- From: Norm Tovey-Walsh <norm@saxonica.com>
- Date: Sat, 04 Nov 2023 09:46:13 +0000
- To: ixml <public-ixml@w3.org>
- Message-ID: <m2cywp3k6i.fsf@saxonica.com>
Good morning.
Consider the following grammar for an odd little iXML-like language:
S = s, alts.
alts = alt++(';', s).
alt = term**(',', s).
term = ('a' ; 'b'), s.
-s = (-' '|comment)*.
comment = -'{', ~[{}]*, -'}'.
This comes from a unit test. (I can’t actually recall what I was
testing, but this was some minimal subset of iXML that demonstrated a
bug.)
That’s not the interesting part. The interesting part is the
easy-to-overlook error. I’ll give you a moment to see if you can spot
it.
S P O I L E R B R E A K
Here’s a hint. It’s in this rule: comment = -'{', ~[{}]*, -'}'.
That middle bit is a exclusion that contains an empty comment, not an
exclusion that excludes ‘{‘ and ‘}’. The input for this unit test is
“a;{comment} b” so the difference between “any character at all” and
“any character except ‘{‘ or ‘}’” never comes into play.

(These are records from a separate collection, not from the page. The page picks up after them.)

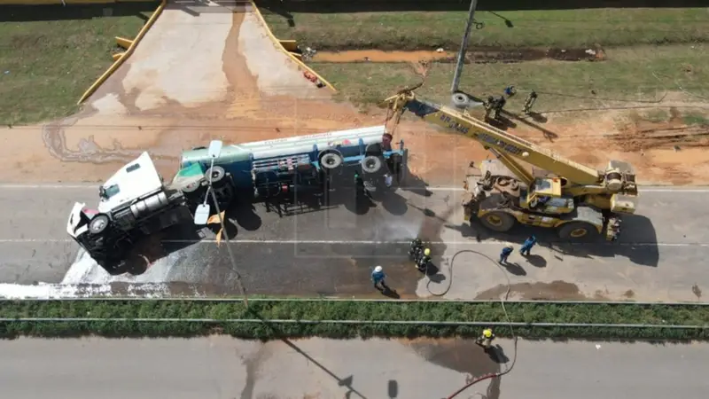 El accidente ocurrió en el kilómetro 25,5 de la carretera Santa Cruz de la Sierra–Warnes. El derrame de etanol obligó al cierre total de la vía por riesgo de incendio.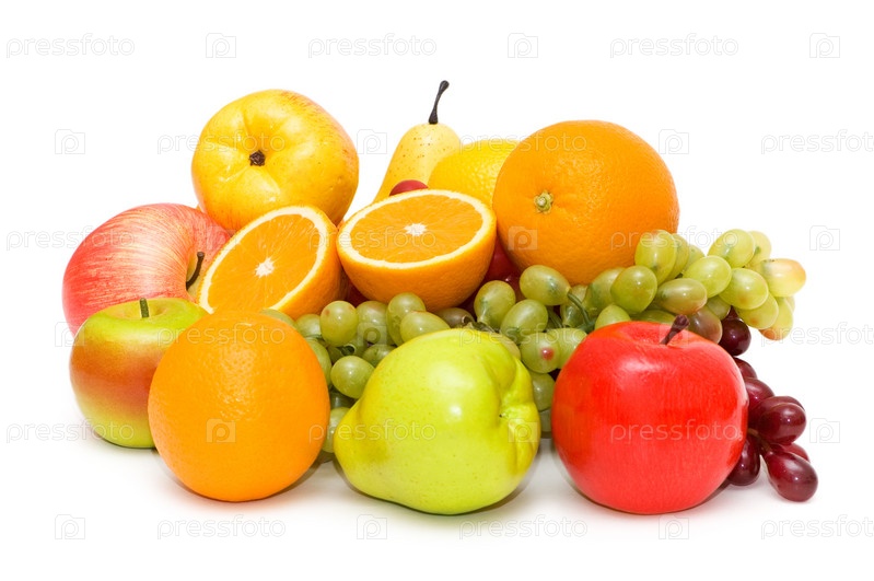 Спелые фрукты на белом фоне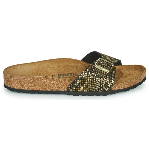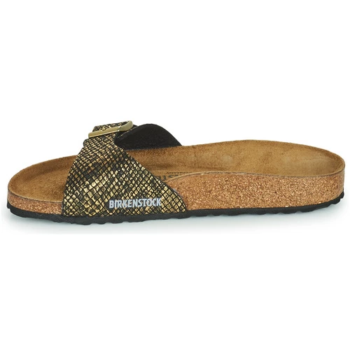 Le modèle Madrid, un des grands classiques BIRKENSTOCK, affiche un design épuré qui, dans l’univers de la mode, ne laisse personne indifférent. Il s’agrémente ici d’une structure discrète façon peau de python qui lui confère tout son caractère. Il compte également sur de subtils effets métalliques qui soulignent son look glamour. S’inspirant de la nature, chaque chaussure de ce modèle offre un design et un confort qui lui sont propres. Côté composition, sa tige a été confectionnée dans une matière en microfibre hypoallergénique.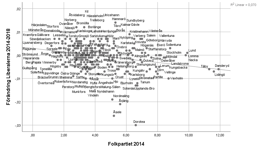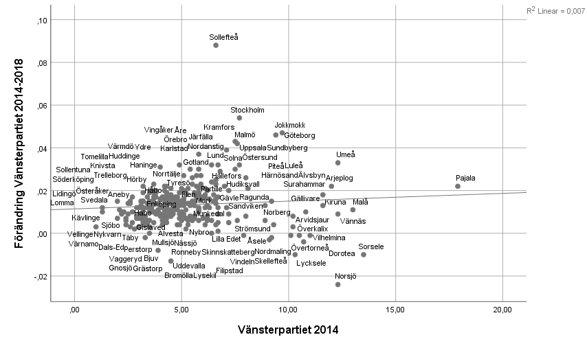 De tre kommuner där man vann flest procentandelar var Stockholm, Nacka och Solna, medan man tappade flest procentandelar i Sollefteå (där tappet var drygt 18 procentandelar), Haparanda och Ragunda. Mer generellt, var det då så att partiet vann/tappade mer i kommuner där de redan 2014 hade ett starkare stöd? Figuren nedan visar förändringen för partiet i relation till siffrorna i valet 2014: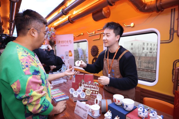 2025年12月12日,由天津市文化和旅游局、天津旅游集团联合策划的“跟着非遗去旅游——‘津旅时光号’非遗与旅游融合”示范活动成功启动。全国首列主题娱乐沉浸式文旅专列“津旅时光号”成功化身“流动非遗体验馆”,在珍奇花园俱乐部车厢为乘客带来了一场别开生面的津味非遗盛宴,活动广受市民游客好评,成为天津文旅融合创新发展的又一生动实践。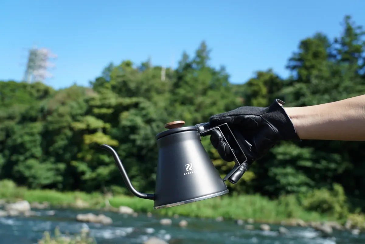 このアイテムは、ゼブラン初となる直火対応で、焚火や調理、コーヒードリップなど幅広いシーンでの使用を想定されたデザインとなっている。グローブ装着時でもグリップしやすい二重取っ手構造に加え、細口ノズルでいつでもドリップが可能だ。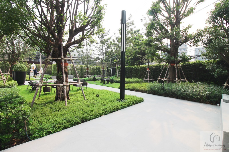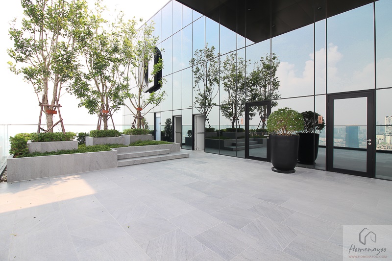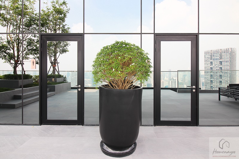สวนหย่อมบนชั้นดาดฟ้านี้ก็ออกแบบมาได้น่าใช้งานเหมือนกันค่ะ เหมาะสำหรับคนที่รักการออกกำลังกายแบบ Outdoor หรือหลังออกกำลังกายเสร็จ ก็สามารถออกมาใช้พื้นที่ตรงนี้ยืดเส้นยืดสายและรับลมคลายร้อนได้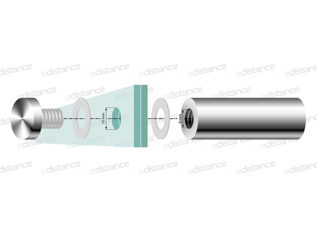 Distanční šroub ø 19 mm z nerezavějící oceli estetického vzhledu se snadnou montáží i demontáží. Odsazení tabulek od podkladu je 75 mm.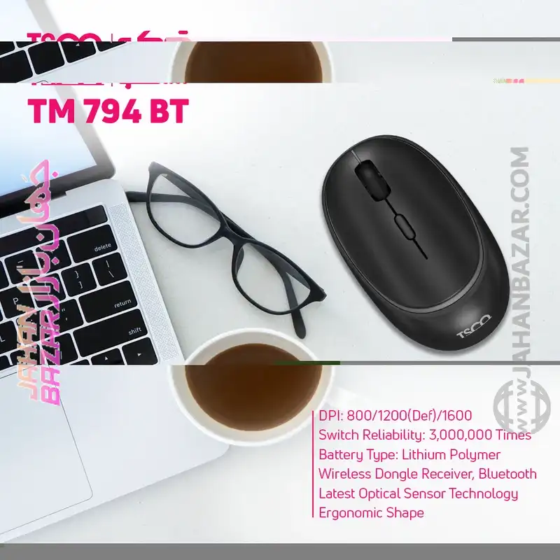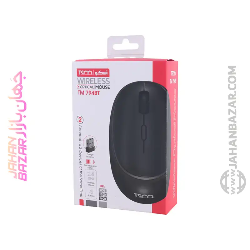 ماوس TSCO TM 794BT یک ماوس بی‌سیم بلوتوثی با طراحی مدرن و ارگونومیک است که برای کاربری روزمره، اداری و حتی استفاده همراه با لپ‌تاپ یا تبلت بهینه شده است. این ماوس بدون نیاز به دانگل USB و تنها از طریق اتصال بلوتوث به دستگاه‌های سازگار وصل می‌شود و همین موضوع آن را گزینه‌ای ایده‌آل برای کاربرانی می‌سازد که پورت‌های USB محدودی دارند یا تمایلی به استفاده از گیرنده فیزیکی ندارند.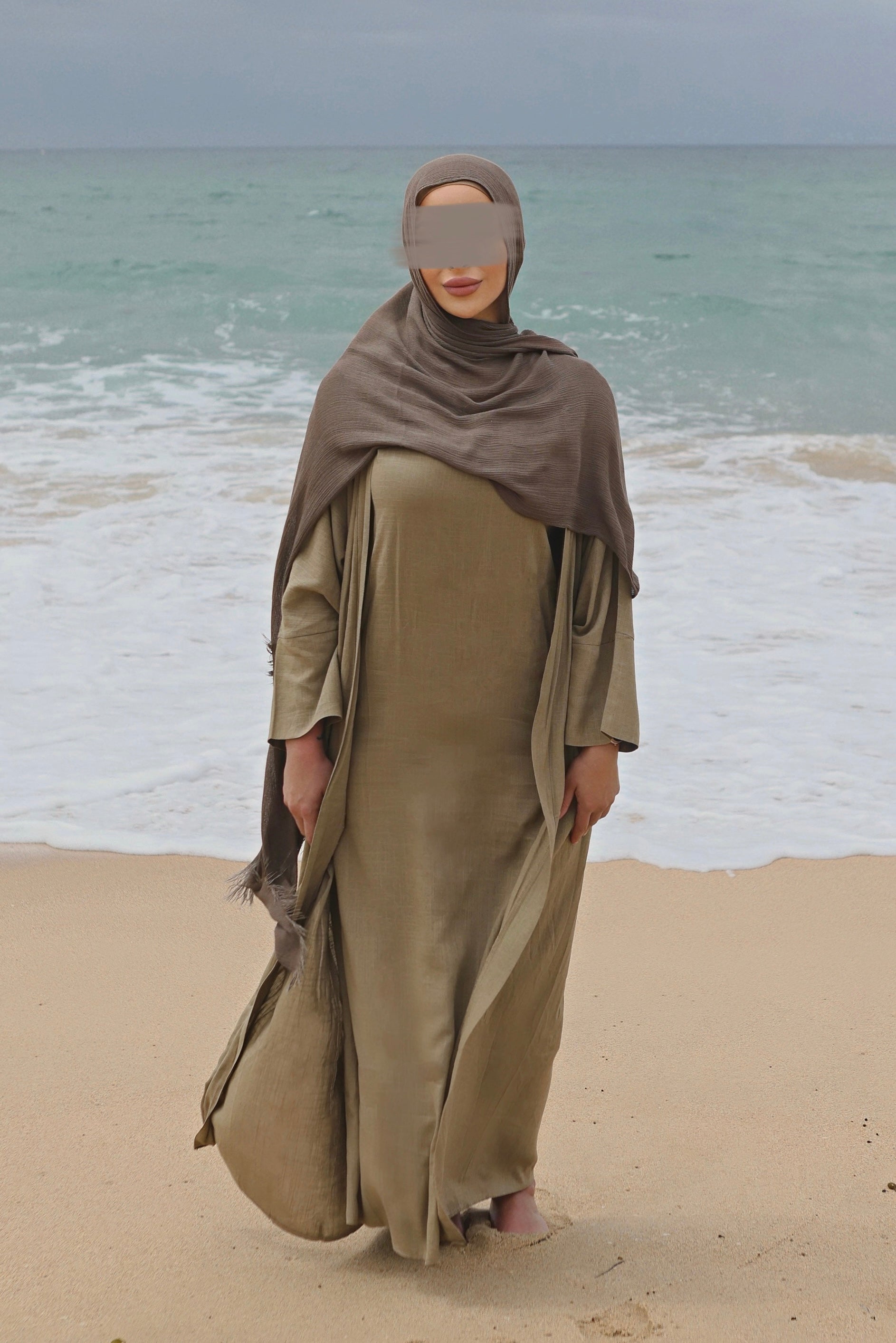 عباية الكتان عبارة عن مجموعة مكونة من ثلاث قطع تتميز بعباية خارجية ذات جيوب مخفية، وفستان داخلي بأكمام قصيرة، وحزام متناسق.

Because we’re all used to reading regular expressions, it’s really
*really* easy to misread character sets. “[{}]” just isn’t what you
think it is. Neither is “["cat"|"dog"]”. I’m not sure we can do anything
about it at this point though. We could exclude comments from character
sets, but I don’t think that would be a very good trade-off, really.
Be seeing you,
norm
--
Norm Tovey-Walsh
Saxonica
Received on Saturday, 4 November 2023 10:08:31 UTC